The challenge presented to them was catering for the learning needs of a diverse team comprising different roles and skill sets, the majority of them drawn from ‘the iPod generation’, who have been found not to respond well to PowerPoint-based training. Learners had to understand the language in which Fire Orders are communicated, and how to apply them in different scenarios. It was decided to deploy a gaming element to increase learner commitment, with two players going head to head.
Finding the right hardware platform for the learning was also challenge. Several options were reviewed, including Nintendo DS, ultramobile PC and others. Then, again serendipitously, the iPad was launched, which it was finally decided provided the optimum delivery device for the learning, not least because of the security provided by its high levels of encryption.
The team committed to putting all documentation on the device, as well as the learning. At the start of a course, every soldier gets an iPad, which is used in the initial training sessions and afterwards, and the same app is going out via the MOD’s Defence Learning Portal (DLP) for remote use, revision training, and as a refresher, enabling the agile solution to reach as far as the frontline.

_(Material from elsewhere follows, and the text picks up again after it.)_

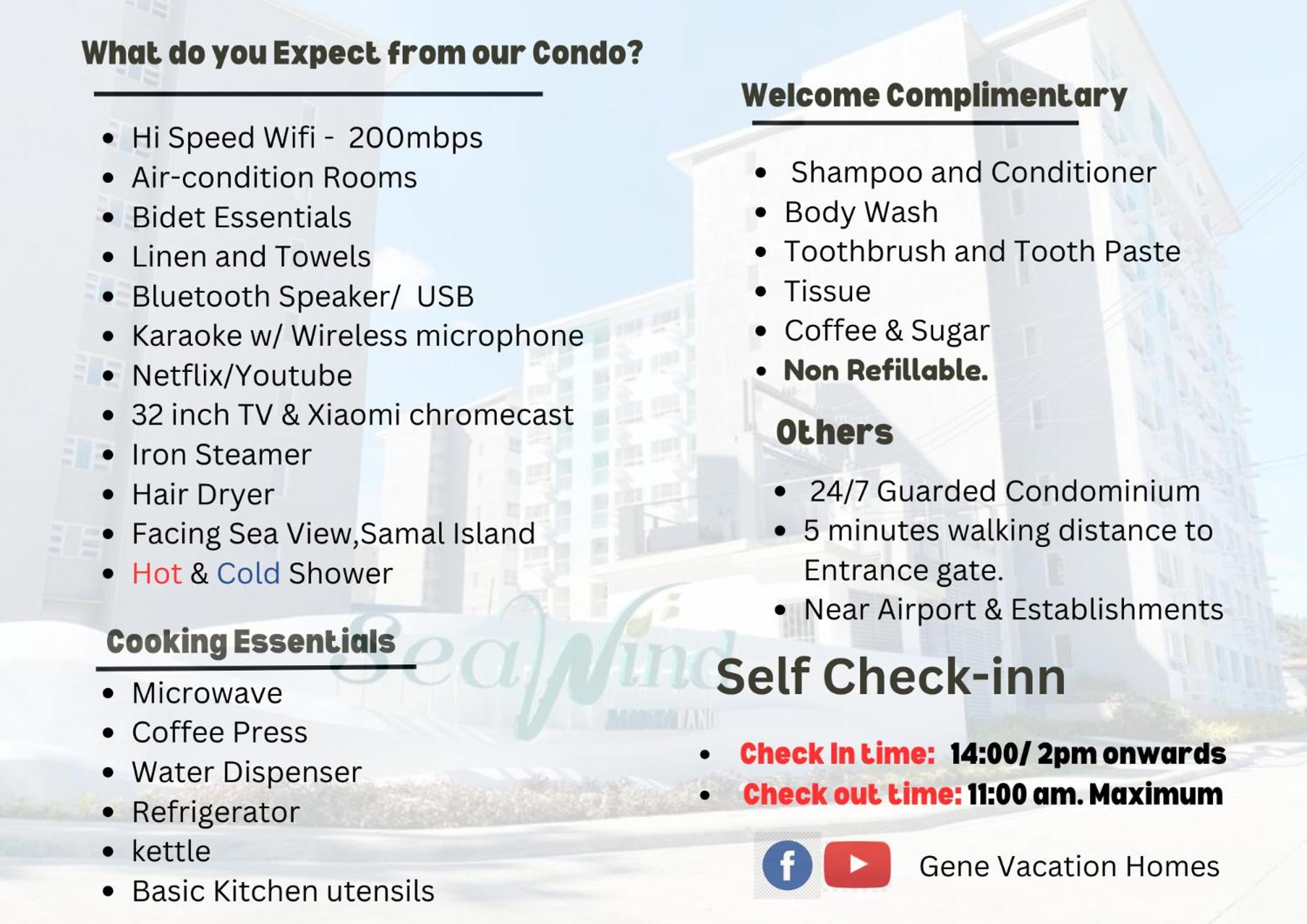 Very well equipped. Comfortable. Loved sitting on the balcony looking at sea view to Samal island. Very helpful security staff.

Re-teach burden is curtailed, classroom time is reduced, and instructors are able to focus their time on correcting errors in exercises and dealing with specific training requirements. The PowerPoints have reduced and the students are now more empowered and in control.

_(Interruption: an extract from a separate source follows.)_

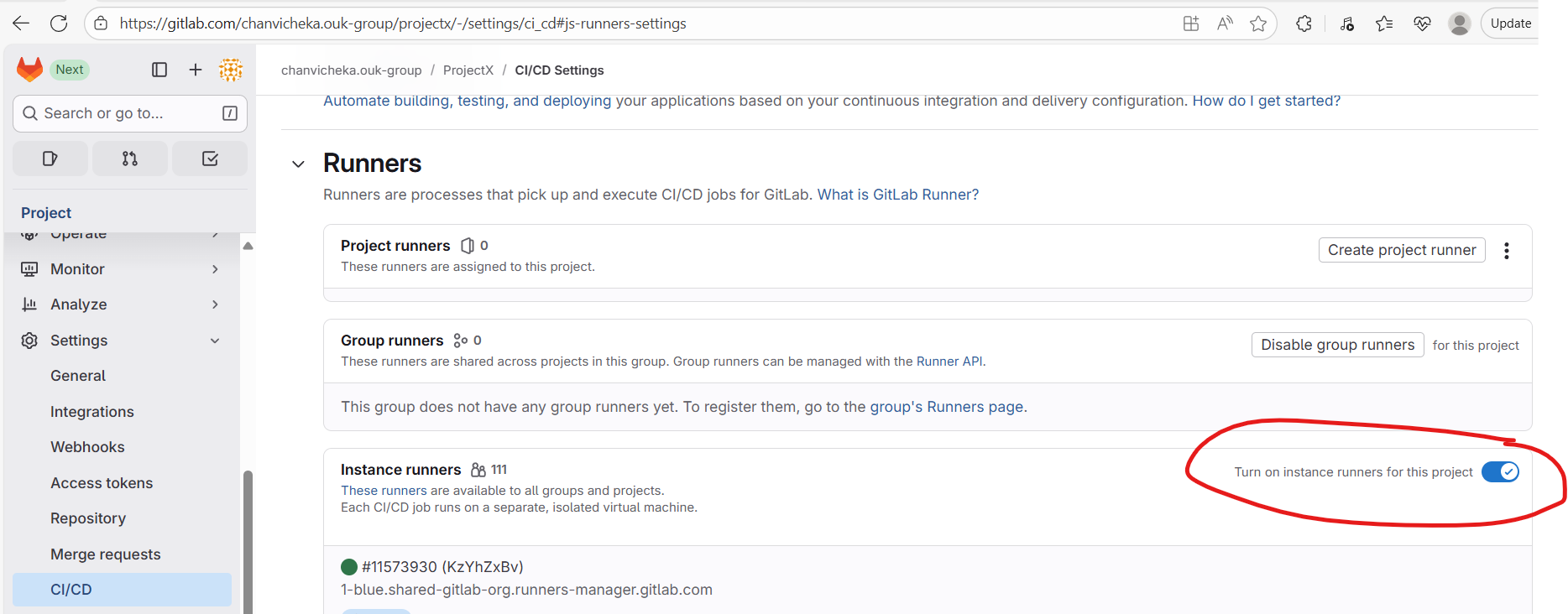 Go to our project’s repository, then navigate to Settings → CI/CD → Runners, and disable the instance (SaaS) runners by toggling them off.

The programme is currently being assessed in user-acceptance trials.
Conclusion
LINE’s contribution to the day was well received by the audience and generated several questions and comments about the challenges presented. The case study from the Royal School of Artillery also garnered a lot of interest. It was particularly heartening to hear how the RA TDT team, who were originally instructors at the school, without any experience of blended learning, have become enthusiastic advocates for the use of technology to support learning and were so open to sharing their knowledge gained through development of this programme.